We were given the acronym CEFF, which stands for confidentiality, everything, flow, and first person. I am going to start backwards with my explanations and examples.

First person means that we translate using the first person, i.e., using I or me. The book tells us that we should always using the first person even though we are obviously not talking about ourselves because it saves time. It can get confusing and time consuming to keep adding he said and she said, so to eliminate those issues, we just use the first person.

An example of first person, would be
Doctor: Why did they bring you?
Me: Por que eles te trouxeram?
Cleosandra (patient): Tenho dor no pâncreas.
Me: I have pain in my pancreas.

I translate it properly and use the first person.

Flow- The book emphasizes that we (the interpreters) are in control of the flow of the conversation, so we need to use cues and gestures so we don’t get overwhelmed by the output, i.e., the messages that the doctor/nurse and the patient are conveying. Sometimes medical professionals or patients talk too fast or don’t wait for one another to finish. There may be a family member there speaking, so those things (among many others) can get in the way of interpreting the message properly and/or in an orderly fashion.

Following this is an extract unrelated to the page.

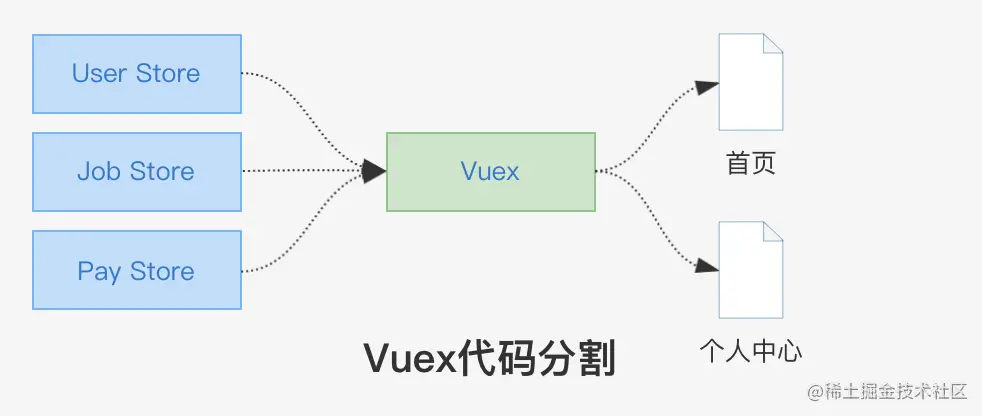 打包时,vuex 会把 3 个 store 合并打包,当首页用到 Vuex 时,这个包会引入到首页一起打包,最后输出 1 个 js chunk。这样的问题是,其实首页只需要其中 1 个 store,但其他 2 个无关的 store 也被打包进来,造成资源浪费。

An example of this would be a husband and wife are in a hospital setting both trying to explain what happened to him. The translator could use the gesture in the book to signal them to stop in order to take control of the situation and direct the person who needs to be speaking at the moment to speak.

Everything- We must interpret everything. We cannot omit anything, add anything, or provide inappropriate translations. Under regular circumstances, we may think that certain information doesn’t matter or that the person is giving too much information, but as medical interpreters we must ignore this urge and interpret everything that was said, and even nonverbal “speaking.”

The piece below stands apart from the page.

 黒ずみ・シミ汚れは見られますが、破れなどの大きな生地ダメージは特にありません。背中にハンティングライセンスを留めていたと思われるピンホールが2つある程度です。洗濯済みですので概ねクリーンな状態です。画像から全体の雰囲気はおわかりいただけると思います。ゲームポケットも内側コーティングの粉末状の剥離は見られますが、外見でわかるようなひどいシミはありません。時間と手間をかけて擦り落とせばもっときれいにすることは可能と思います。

Ex. Let’s imagine Adam said he had pain starting two days ago. It occurred early in the morning. He reached to move the pasta sauce out of the way, and he pulled his upper back. It was at 6:33 AM because he was in front of the clock. Now, I would interpret that in the first person. In nonprofessional situations, an interpreter might leave out in font of the clock or even the precise time, but as a medical interpreter, I must interpret everything.

Confidentiality- The protected health information interpreters experience in the field is not to be shared with unauthorized persons. We are in a position of trust, so we cannot break that trust by illegally sharing confidential information.

Ex. The interpreter could start describing a patient she dealt with at her job to her husband. Describing her would give identifiable markers, and if she were describing the patient, she would probably be giving details about the interaction or the person’s medical problem, which is illegal and unethical. While I hope most people trust their partners, we can’t share confidential information with them about the job.